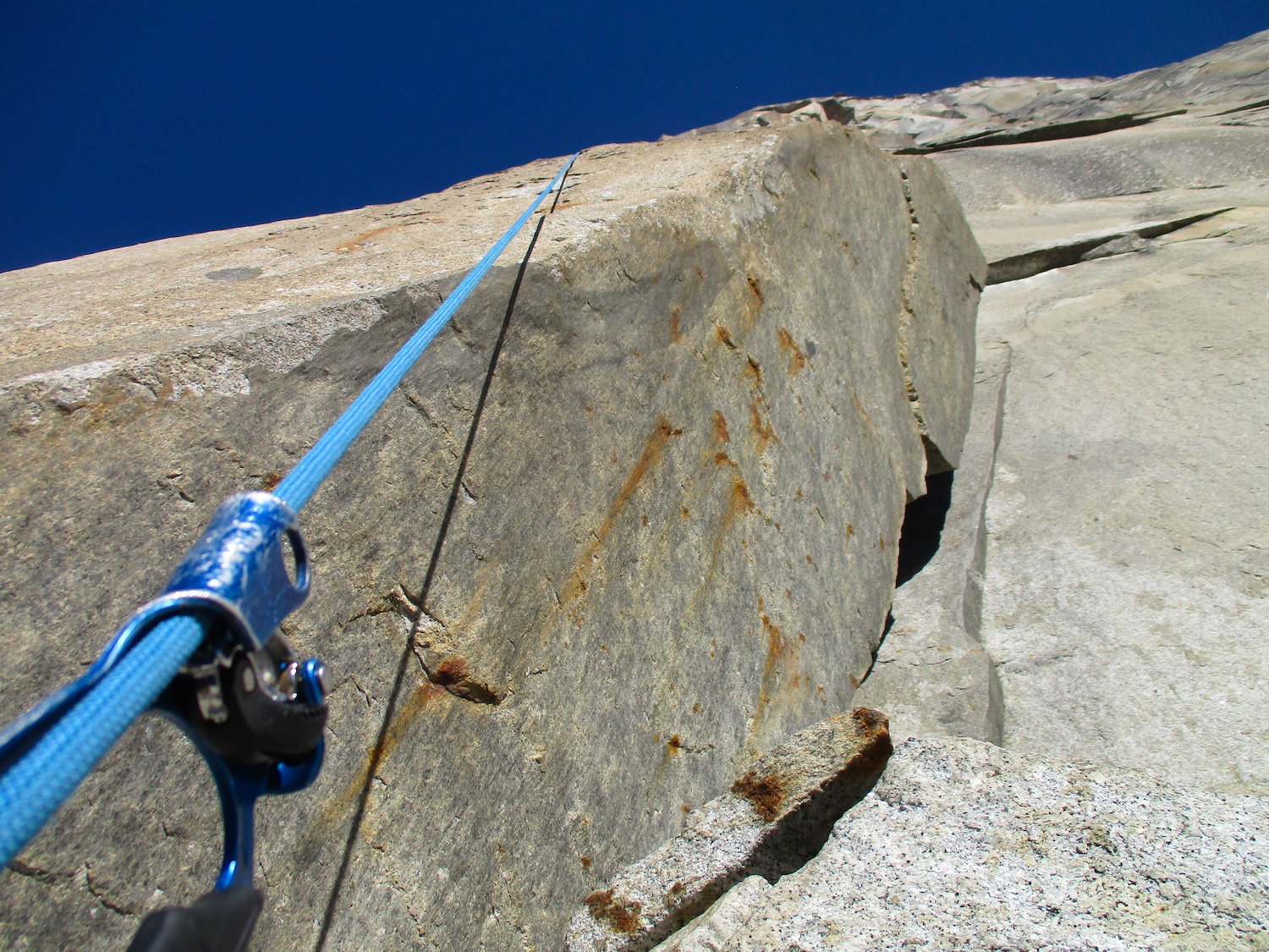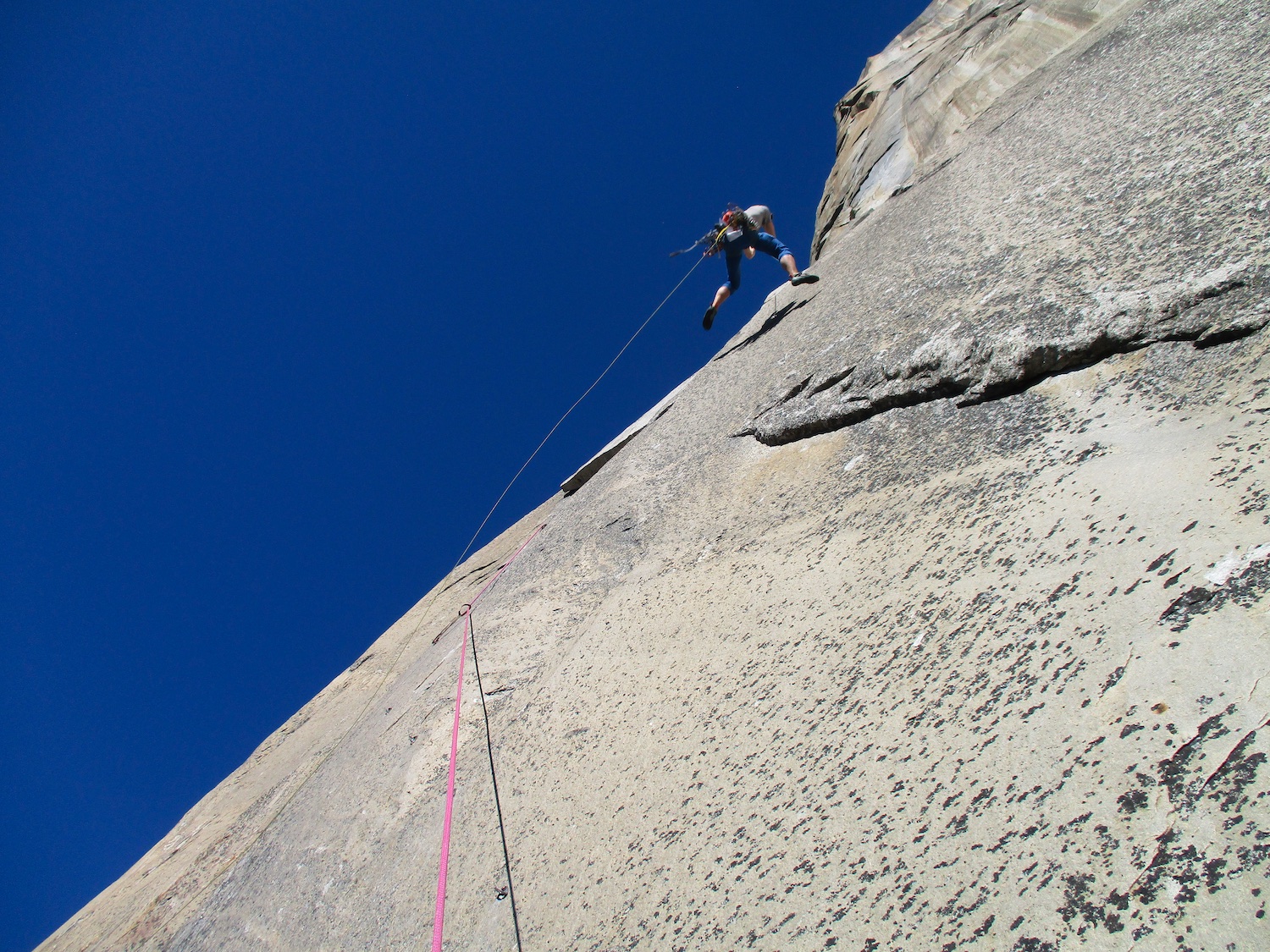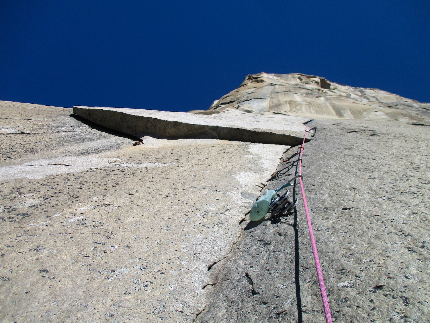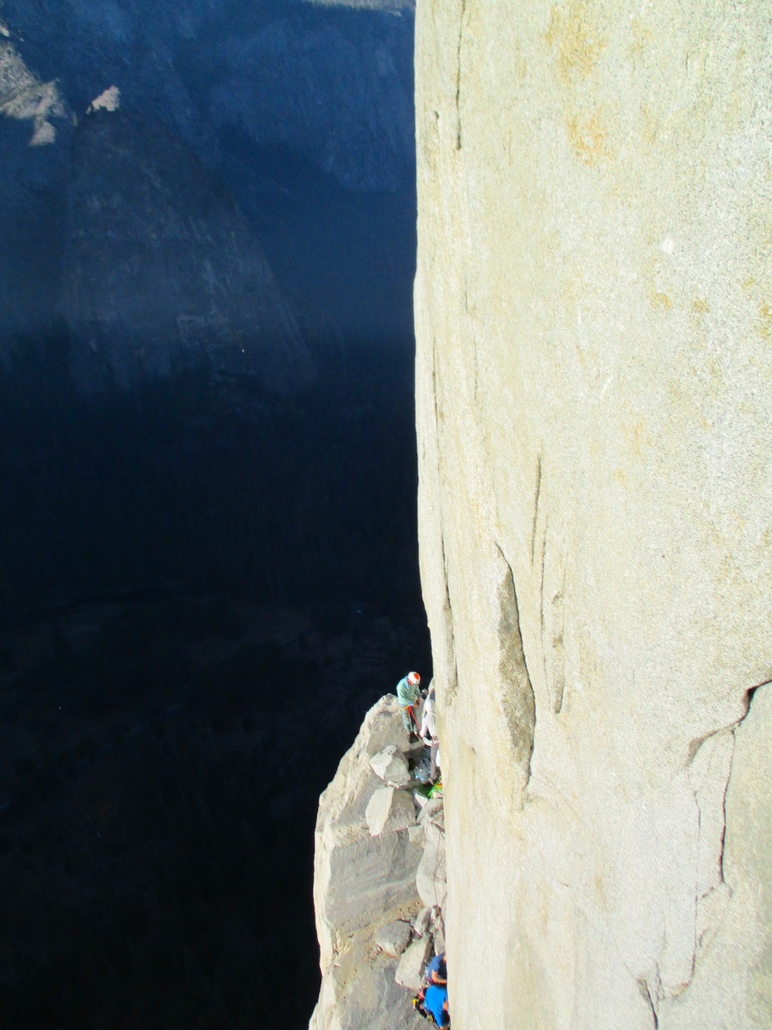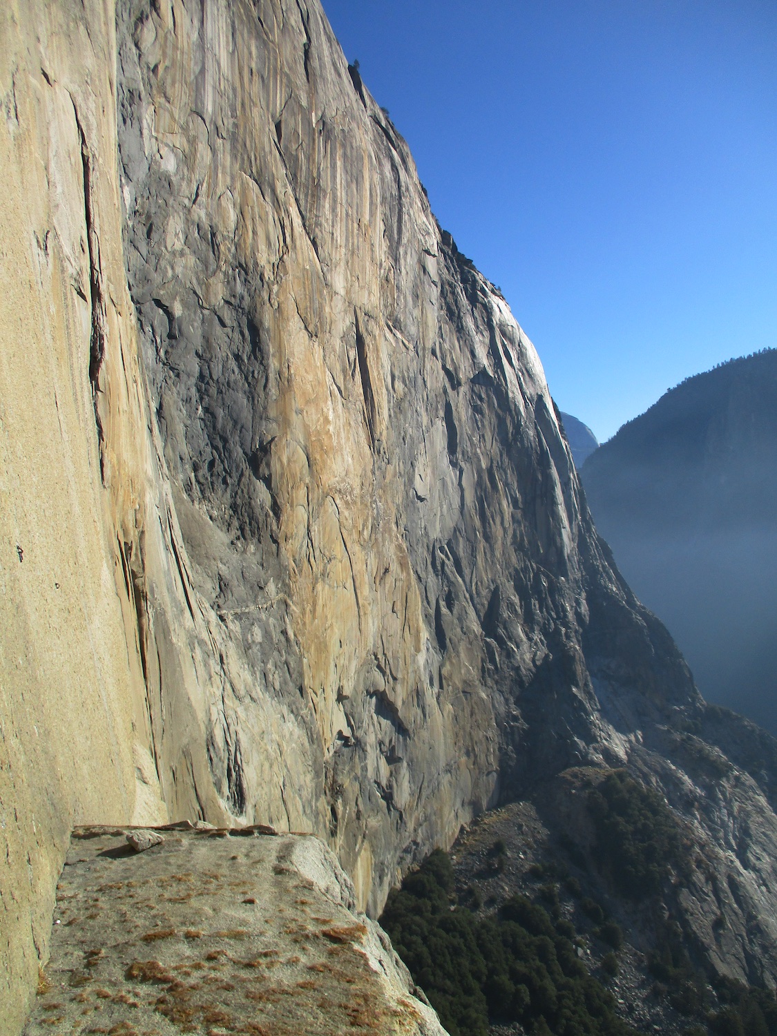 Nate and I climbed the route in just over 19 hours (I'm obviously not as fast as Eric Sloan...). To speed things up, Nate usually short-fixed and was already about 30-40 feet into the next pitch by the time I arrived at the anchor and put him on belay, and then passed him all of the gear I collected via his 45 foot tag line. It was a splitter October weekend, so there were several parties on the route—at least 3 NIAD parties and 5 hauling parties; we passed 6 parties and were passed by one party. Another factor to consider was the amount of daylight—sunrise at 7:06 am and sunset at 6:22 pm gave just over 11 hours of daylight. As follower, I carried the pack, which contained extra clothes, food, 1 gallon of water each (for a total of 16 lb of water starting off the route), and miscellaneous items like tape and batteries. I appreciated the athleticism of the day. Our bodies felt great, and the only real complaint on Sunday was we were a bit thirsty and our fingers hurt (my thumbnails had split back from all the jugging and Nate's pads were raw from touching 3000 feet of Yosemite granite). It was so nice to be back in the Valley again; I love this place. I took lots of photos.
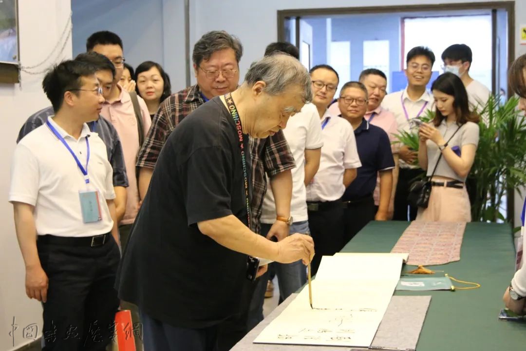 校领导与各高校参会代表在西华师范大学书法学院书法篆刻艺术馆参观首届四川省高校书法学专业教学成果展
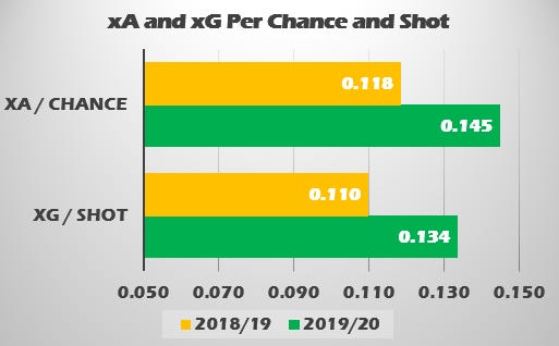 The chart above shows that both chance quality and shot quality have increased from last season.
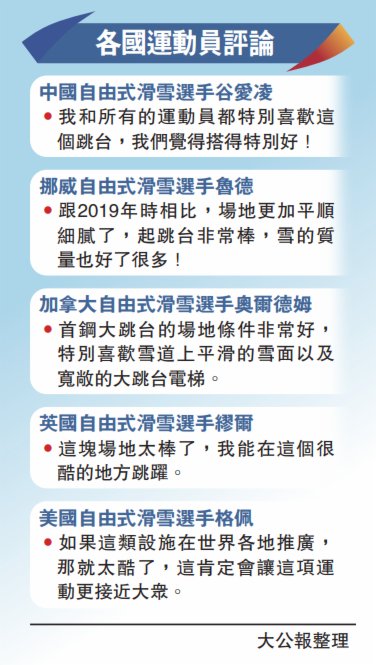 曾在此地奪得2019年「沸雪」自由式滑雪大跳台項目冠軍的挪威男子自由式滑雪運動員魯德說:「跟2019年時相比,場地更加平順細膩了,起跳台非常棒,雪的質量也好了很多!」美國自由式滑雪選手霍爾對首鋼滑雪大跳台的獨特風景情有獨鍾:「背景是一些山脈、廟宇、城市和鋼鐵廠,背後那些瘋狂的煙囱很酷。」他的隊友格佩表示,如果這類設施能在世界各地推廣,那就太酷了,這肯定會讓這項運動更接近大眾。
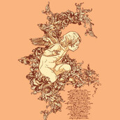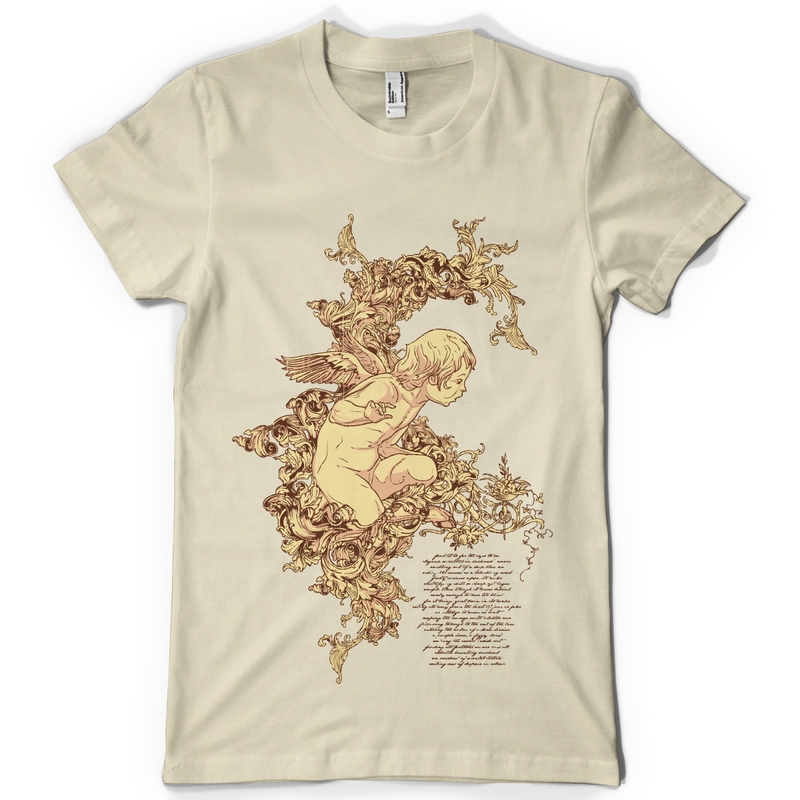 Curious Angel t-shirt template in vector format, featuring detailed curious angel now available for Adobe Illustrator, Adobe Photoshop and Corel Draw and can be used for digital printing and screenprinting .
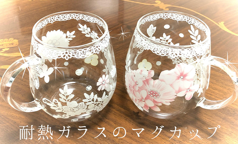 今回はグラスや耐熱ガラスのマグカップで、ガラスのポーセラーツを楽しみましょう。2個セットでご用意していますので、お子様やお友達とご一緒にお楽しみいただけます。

▸ **What is required**
All of the material above needs to be restated exactly, with no pictures.

▸ **Task solution**
 Nate and I climbed the route in just over 19 hours (I'm obviously not as fast as Eric Sloan...). To speed things up, Nate usually short-fixed and was already about 30-40 feet into the next pitch by the time I arrived at the anchor and put him on belay, and then passed him all of the gear I collected via his 45 foot tag line. It was a splitter October weekend, so there were several parties on the route—at least 3 NIAD parties and 5 hauling parties; we passed 6 parties and were passed by one party. Another factor to consider was the amount of daylight—sunrise at 7:06 am and sunset at 6:22 pm gave just over 11 hours of daylight. As follower, I carried the pack, which contained extra clothes, food, 1 gallon of water each (for a total of 16 lb of water starting off the route), and miscellaneous items like tape and batteries. I appreciated the athleticism of the day. Our bodies felt great, and the only real complaint on Sunday was we were a bit thirsty and our fingers hurt (my thumbnails had split back from all the jugging and Nate's pads were raw from touching 3000 feet of Yosemite granite). It was so nice to be back in the Valley again; I love this place. I took lots of photos.
 校领导与各高校参会代表在西华师范大学书法学院书法篆刻艺术馆参观首届四川省高校书法学专业教学成果展
 The chart above shows that both chance quality and shot quality have increased from last season.
 曾在此地奪得2019年「沸雪」自由式滑雪大跳台項目冠軍的挪威男子自由式滑雪運動員魯德說:「跟2019年時相比,場地更加平順細膩了,起跳台非常棒,雪的質量也好了很多!」美國自由式滑雪選手霍爾對首鋼滑雪大跳台的獨特風景情有獨鍾:「背景是一些山脈、廟宇、城市和鋼鐵廠,背後那些瘋狂的煙囱很酷。」他的隊友格佩表示,如果這類設施能在世界各地推廣,那就太酷了,這肯定會讓這項運動更接近大眾。
 Curious Angel t-shirt template in vector format, featuring detailed curious angel now available for Adobe Illustrator, Adobe Photoshop and Corel Draw and can be used for digital printing and screenprinting .
 今回はグラスや耐熱ガラスのマグカップで、ガラスのポーセラーツを楽しみましょう。2個セットでご用意していますので、お子様やお友達とご一緒にお楽しみいただけます。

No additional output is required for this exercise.